Ini merupakan cerminan kondisi IKAL dan Lemhannas RI saat ini, di mana IKAL yang sejatinya adalah lulusan Lemhannas RI yang dilahirkan dari proses yang panjang seharusnya menjadi teladan.
Oleh karena itu, Lemhanans RI dan IKAL harus tegas meluruskan legitimasi alumni Lemhannas. Bagi warga masyarakat yang telah mengikuti program Taplai adalah sah mengorganisasikan dirinya ke dalam wadah Ikabnas dan terpisah dari IKAL. Ikabnas tetap berada di bawah naungan Lemhanans RI, memiliki AD/ART sendiri dan kepengurusan sendiri.

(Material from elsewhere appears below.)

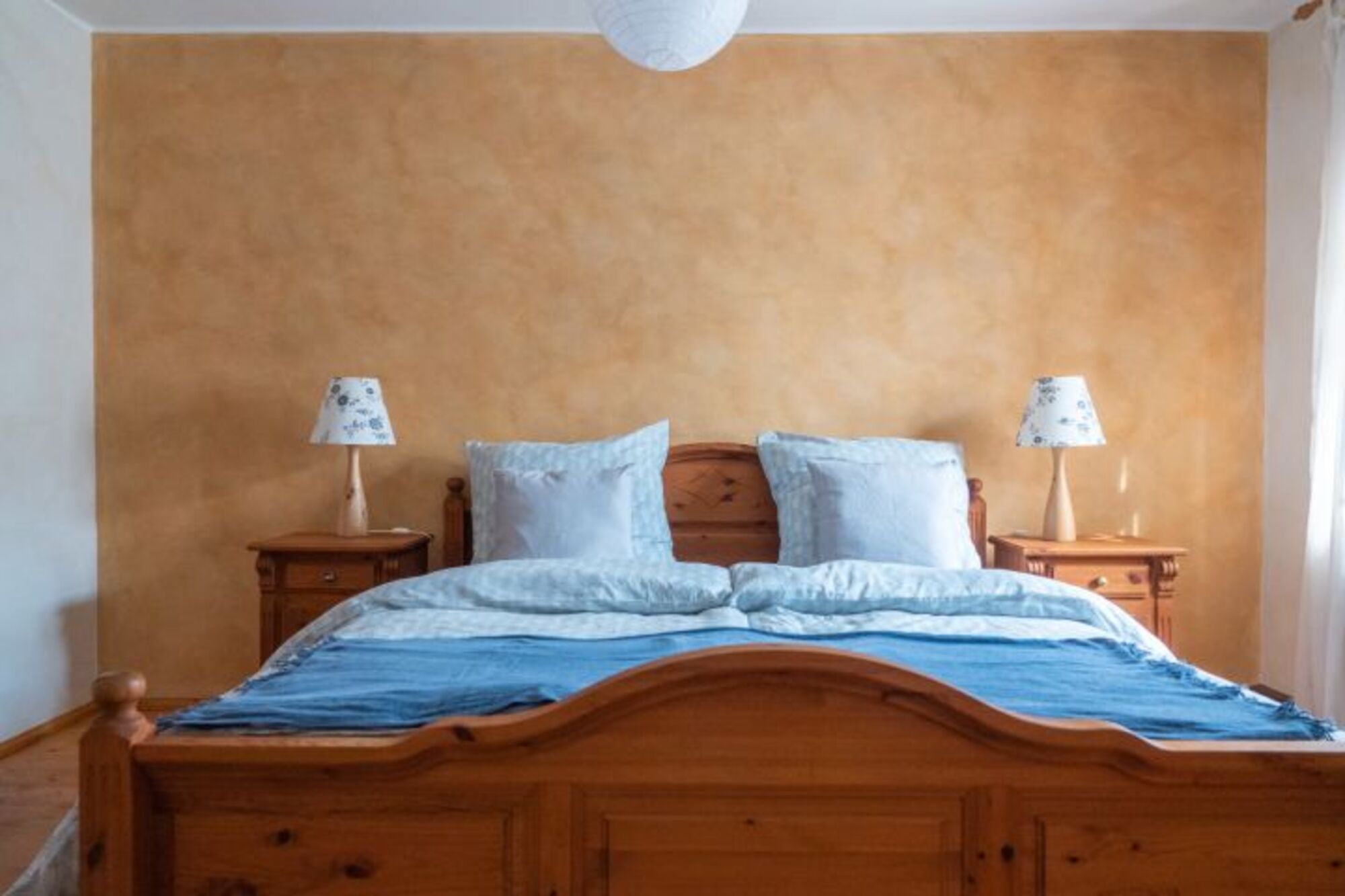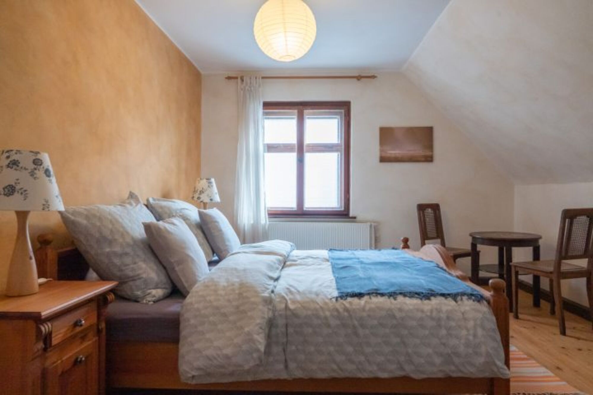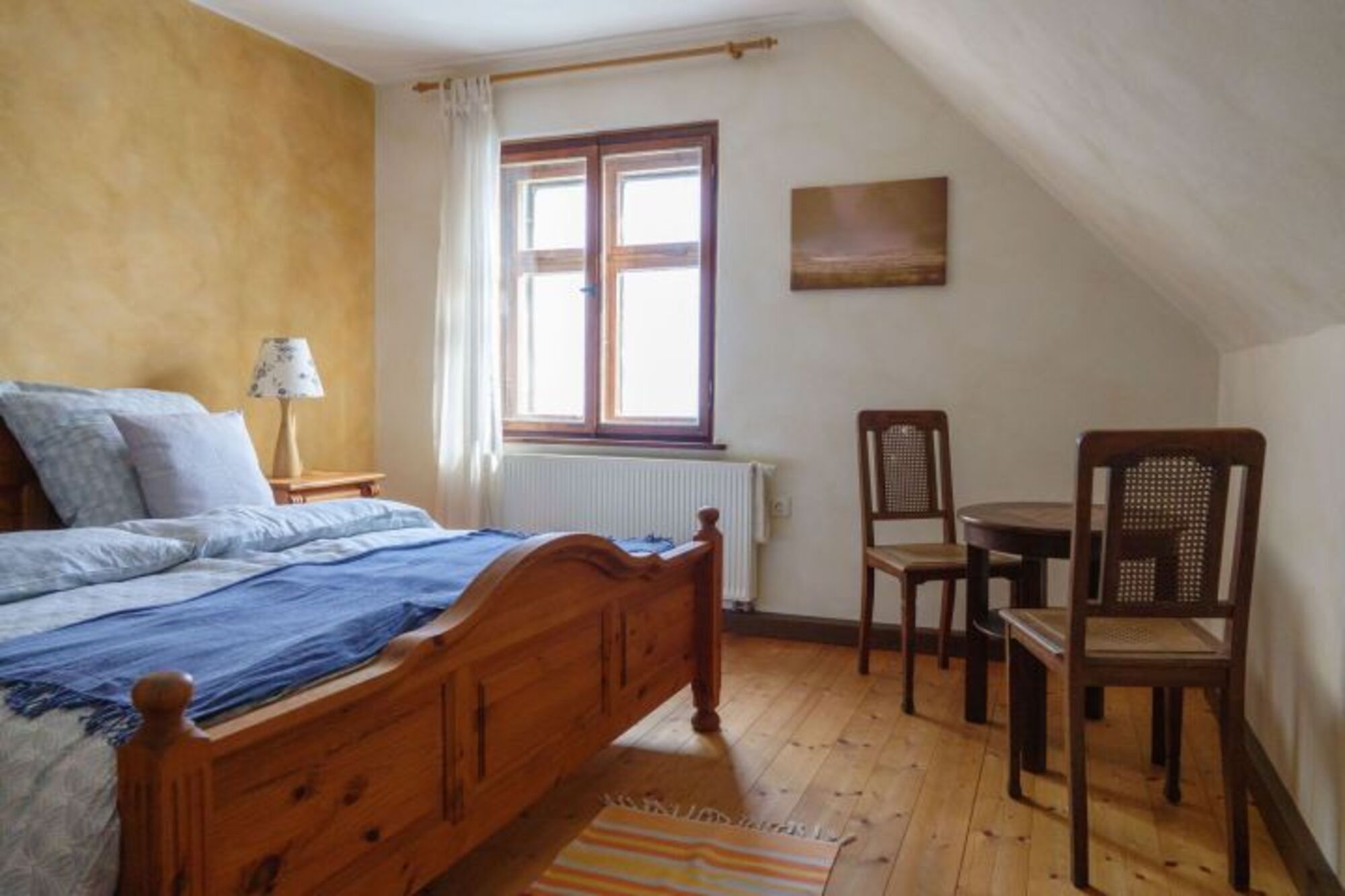 Im Obergeschoss gibt es zwei Schlafzimmer: eines mit einem Doppelbett und eins mit zwei Einzelbetten.

Diharapkan, Munas IKAL ke depan dapat segera digelar secara terhormat, bermartabat, dan sesuai AD/ART IKAL. Munas IKAL wajib mengedepankan musyawarah dan mufakat, sesuai jati diri Lemhannas. IKAL Lemhannas harus bangkit, memperkuat marwahnya, dan kembali pada tujuan semula, yaitu menjaga nilai-nilai kebangsaan serta memberikan teladan moral bagi bangsa.